Ettore Sottsass (Innsbruck, Austria 14 September 1917 – Milan, Italy 31 December 2007) was a 20th century Italian architect, noted for also designing furniture, jewellery, glass, lighting, home and office wares, as well as numerous buildings and interiors — often defined by bold colours.

Early life 
Sottsass was born in Innsbruck, Austria, and grew up in Turin, where his father, also named Ettore Sottsass, was an architect. The elder Sottsass belonged to the modernist architecture group Movimento Italiano per l'Architectura Razionale (MIAR), which was led by Giuseppe Pagano.

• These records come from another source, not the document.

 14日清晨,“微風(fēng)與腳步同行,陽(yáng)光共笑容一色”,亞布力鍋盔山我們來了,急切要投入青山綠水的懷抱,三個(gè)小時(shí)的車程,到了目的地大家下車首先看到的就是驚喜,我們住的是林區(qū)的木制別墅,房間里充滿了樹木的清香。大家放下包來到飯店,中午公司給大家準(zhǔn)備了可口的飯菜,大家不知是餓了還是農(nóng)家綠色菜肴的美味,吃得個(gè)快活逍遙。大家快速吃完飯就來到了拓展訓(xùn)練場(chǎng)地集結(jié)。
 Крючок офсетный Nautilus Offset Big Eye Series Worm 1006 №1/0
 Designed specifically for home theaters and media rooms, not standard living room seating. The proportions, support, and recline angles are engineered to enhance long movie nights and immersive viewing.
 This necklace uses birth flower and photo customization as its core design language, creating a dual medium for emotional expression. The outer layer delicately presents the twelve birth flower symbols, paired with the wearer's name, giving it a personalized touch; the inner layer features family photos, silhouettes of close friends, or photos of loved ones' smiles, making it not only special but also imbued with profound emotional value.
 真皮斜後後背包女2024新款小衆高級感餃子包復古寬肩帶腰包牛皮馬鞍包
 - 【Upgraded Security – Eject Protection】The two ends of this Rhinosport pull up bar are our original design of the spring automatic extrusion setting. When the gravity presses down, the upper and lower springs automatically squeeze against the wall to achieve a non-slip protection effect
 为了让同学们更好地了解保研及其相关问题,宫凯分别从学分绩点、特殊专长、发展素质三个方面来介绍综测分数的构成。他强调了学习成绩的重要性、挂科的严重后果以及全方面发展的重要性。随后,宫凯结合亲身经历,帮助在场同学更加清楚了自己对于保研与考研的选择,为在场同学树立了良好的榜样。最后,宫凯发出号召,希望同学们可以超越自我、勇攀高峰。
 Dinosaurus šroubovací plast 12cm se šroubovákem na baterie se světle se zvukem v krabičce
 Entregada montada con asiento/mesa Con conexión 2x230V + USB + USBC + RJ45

The younger Sottsass was educated at the Politecnico di Torino in Turin and graduated in 1939 with a degree in architecture. 

After the invasion of Italy by the Anglo-Americans, Sottsass enlisted in the Monterosa Division, a division of the Repubblica Sociale Italiana led by Benito Mussolini and his Republican Fascist Party, to fight in the mountains alongside Hitler's army (Sottsass tells his adventures as a Lieutenant of the Monterosa Division in his autobiography “Scritto di Notte" published by Adelphi).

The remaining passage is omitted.